Application number: EP88480017A
Authority: EP
Inventors: Michèle Rosso; Claude Galand
Original assignee: International Business Machines Corp
Current assignee: International Business Machines Corp
Priority date: 1988-07-18
Filing date: 1988-07-18
Publication date: 1994-10-19
Anticipated expiration: 2008-07-18
Also published as: EP0351479A1; JPH0761016B2; DE3851887T2; DE3851887D1; JPH0260231A; US5231669A

Description

This is a method and device for improving low bit rate coding of signals provided by voice terminals.

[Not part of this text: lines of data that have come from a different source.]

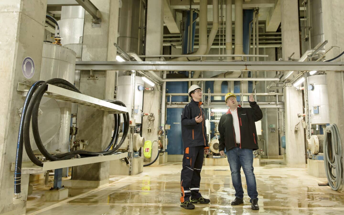 The waste water from the wet flue-gas cleaning process in the flue-gas scrubbers is reprocessed and evaporated in the so-called “water house”, a 37-meter-high building through which pipes and hoses wind. This is where technicians from the HANSA‑FLEX Industrial Service are to be found. “We take care of all the hose lines here,” reports Jacek Boraczynski, Account Manager at HANSA‑FLEX.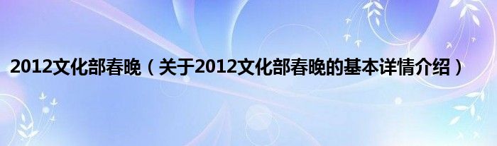 本文关于2012文化部春晚的基本详情介绍就讲解完毕,希望对大家有所帮助。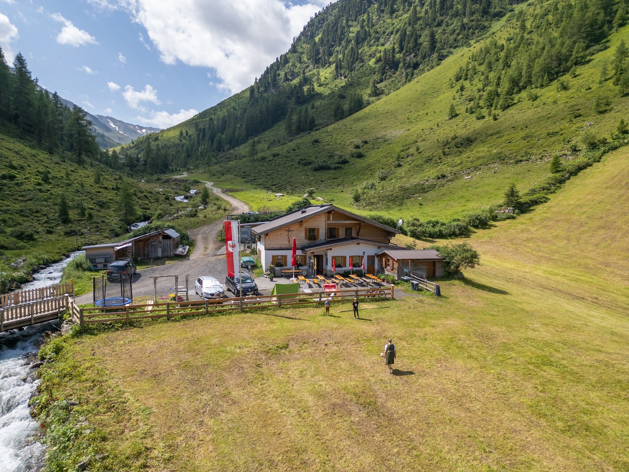 Depuis la station inférieure du Diasbahn, suivre le panneau indicateur en direction de Samnaun, passer devant la chapelle Rotweg et continuer à monter à travers la forêt dense. En empruntant quelques raccourcis et des chemins d'alpage, on arrive à la Visnitzalpe à 1 825 m d'altitude. Plus loin dans la vallée, le sentier bifurque et la "route des contrebandiers" proprement dite commence. Autrefois, des marchandises de grande valeur étaient passées en contrebande de Samnaun (CH) voisin vers Paznaun par des chemins comme celui-ci. Assez au bout de la vallée de Visnitz se trouve la "Zollhütte" inférieure et peu après la "Zollhütte" supérieure. De là, un sentier très étroit et escarpé mène au Visnitzjoch oriental, à 2 694 m d'altitude. Du Visnitzjoch oriental, on descend vers la Suisse et on arrive au-dessus de l'Alp Bella à 2.380 m sur un sentier qui fait le tour du Mullersattel, passe devant les lacs et descend ensuite sur l'Alp Trida. De l'Alp Trida, les télésièges N1 Flimsattelbahn, B2 Velillbahn et les télécabines A1 Silvrettabahn ou A3 Fimbabahn mènent à la vallée d'Ischgl.

Background of the Invention

Low bit rate voice coding has been performed through use of signal bandwidth limitation, whereby the original voice signal is first filtered to derive therefrom a base-band signal which, according to Nyquist theory could be sampled efficiently at a rate lower than the rate used for the original full-band signal. Said limited bandwidth may therefore be coded at low bit rate.
Subsequent decoding and conversion back to the original signal is achieved by spreading the base-band over a broader bandwidth and up-rating the sampling rate.
Traditionally, the above mentioned filtering is achieved with a low pass filter with a cut-off frequency at about 1300 Hertz, i.e. large enough to include any speaker's pitch frequency. Said low pass filtering is either operated directly over the signal provided by the voice terminal, or operated over a decorrelated residual derived signal from said voice terminal signal. Both cases may be defined as dealing with voice terminal derived signals.
In some applications, e.g. related to telephony, the network over which the coded voice signal is to be transmitted, is also used to carry non voice originated signals, like for instance busy tones or other service tones. Said tones are made of a pure sinewave which might be at a frequency higher than the low-pass filter cut-off frequency.
The conventional base-band coding operations would then lead to loss of tones, or even worse, to dramatic tone distorsions which could affect the whole network operation.
An improved method for medium bit rate has already been proposed in ICASSP 86 IEEE-IECEJ-ASJ INTERNATIONAL CONFERENCE ON ACOUSTICS, SPEECH AND SIGNAL PROCESSING, Tokyo, 7th-11th April 1986, vol 4, pp 3075-3078, "Adaptive subbands excited transform (ASET) coding, by E Mazor et al, wherein the signal is made to comprise a set of adaptively selected sub-bands rather than a single low frequency sub-band.

Object of the Invention

One object of the invention is to provide an improved low rate coding method for voice terminal derived signals, which method enables efficiently coding tones. It applies more particularly to coding schemes including band limiting the original voice terminal derived signal, sub-sampling and coding said band limited signal for subsequently sreading said band-limited bandwidth back to original full-band during voice synthesis operations.
The invention deals with a improved method for low rate encoding a sampled voice terminal derived signal, including splitting said signal bandwidth into at least two adjacent sub-bands, sub-sampling and coding the contents of each sub-band, then up sampling said coded sub-band contents back, deriving error data by sub-tracting each up sampled sub-band contents from the original voice terminal derived signal for selecting the coded sub-band contents closest to said original based on a mean square criteria to be representative there of.
More particularly, the invention deals with a low bit rate coding process and device as claimed in clams 1 and 3.
These and other objects, advantages and features of the present invention will become more readily apparent from the following specification when taken in conjunction with the drawings.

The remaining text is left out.